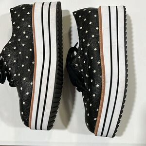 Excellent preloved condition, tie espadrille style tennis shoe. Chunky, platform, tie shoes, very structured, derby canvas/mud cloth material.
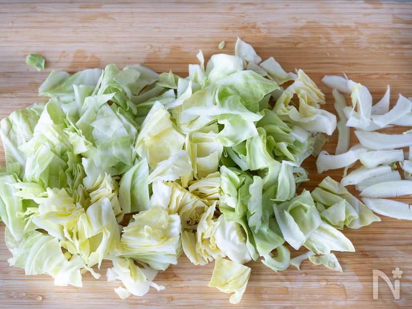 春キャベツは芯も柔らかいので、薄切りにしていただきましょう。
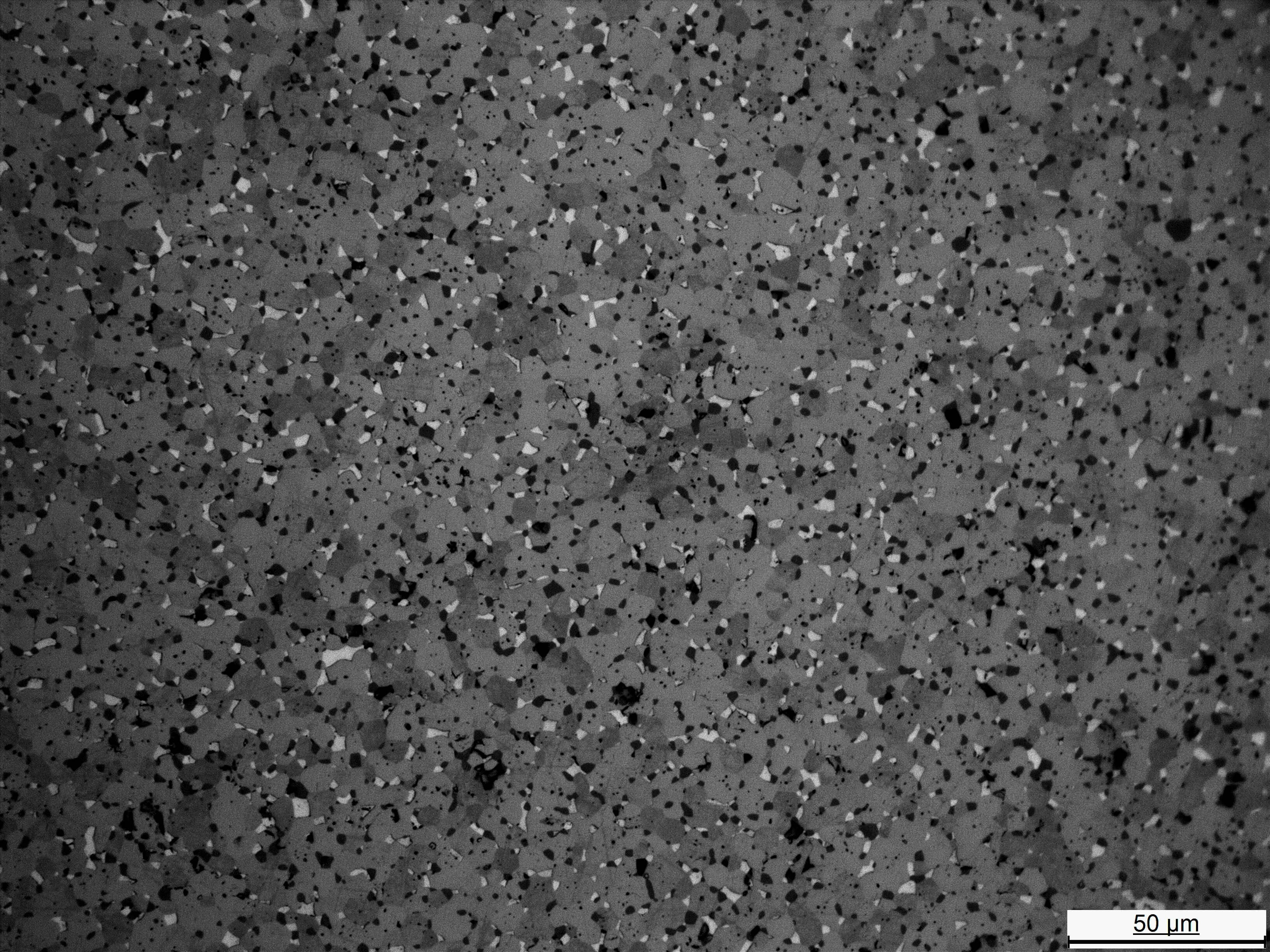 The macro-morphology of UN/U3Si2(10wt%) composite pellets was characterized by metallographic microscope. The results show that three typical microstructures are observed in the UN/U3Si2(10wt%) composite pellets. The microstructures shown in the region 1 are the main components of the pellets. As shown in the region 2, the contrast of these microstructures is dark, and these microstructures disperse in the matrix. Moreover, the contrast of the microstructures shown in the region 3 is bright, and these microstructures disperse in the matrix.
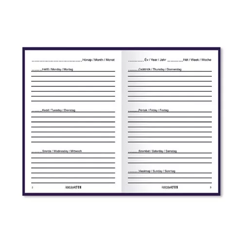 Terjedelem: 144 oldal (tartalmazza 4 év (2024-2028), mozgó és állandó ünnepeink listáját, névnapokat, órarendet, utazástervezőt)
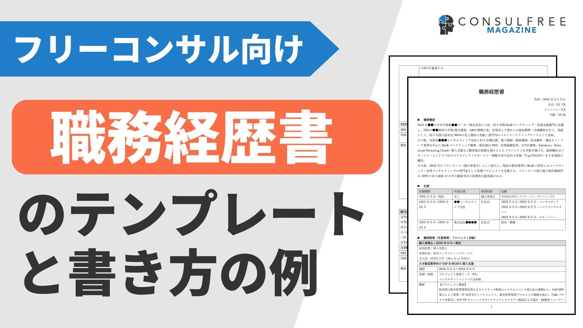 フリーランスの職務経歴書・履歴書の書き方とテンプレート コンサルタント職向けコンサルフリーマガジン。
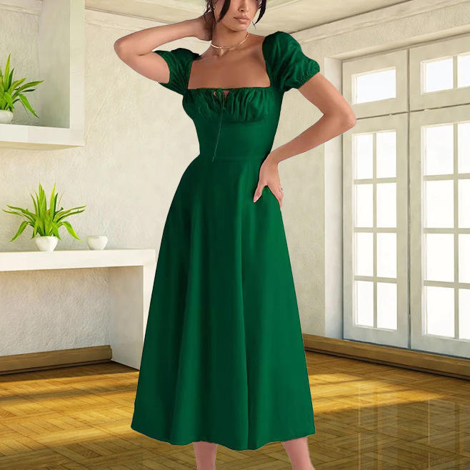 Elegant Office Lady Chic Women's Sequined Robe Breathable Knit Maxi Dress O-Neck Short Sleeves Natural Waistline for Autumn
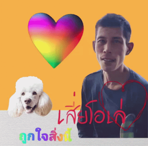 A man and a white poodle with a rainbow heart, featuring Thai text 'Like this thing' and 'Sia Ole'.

+ + + +

What is being asked:
A faithful copy is needed of the lines from the one containing "Terjedelem: 144 oldal" through the last line of the data above, with pictures left out.

Task result:
 Terjedelem: 144 oldal (tartalmazza 4 év (2024-2028), mozgó és állandó ünnepeink listáját, névnapokat, órarendet, utazástervezőt)
 フリーランスの職務経歴書・履歴書の書き方とテンプレート コンサルタント職向けコンサルフリーマガジン。
 Elegant Office Lady Chic Women's Sequined Robe Breathable Knit Maxi Dress O-Neck Short Sleeves Natural Waistline for Autumn
 A man and a white poodle with a rainbow heart, featuring Thai text 'Like this thing' and 'Sia Ole'.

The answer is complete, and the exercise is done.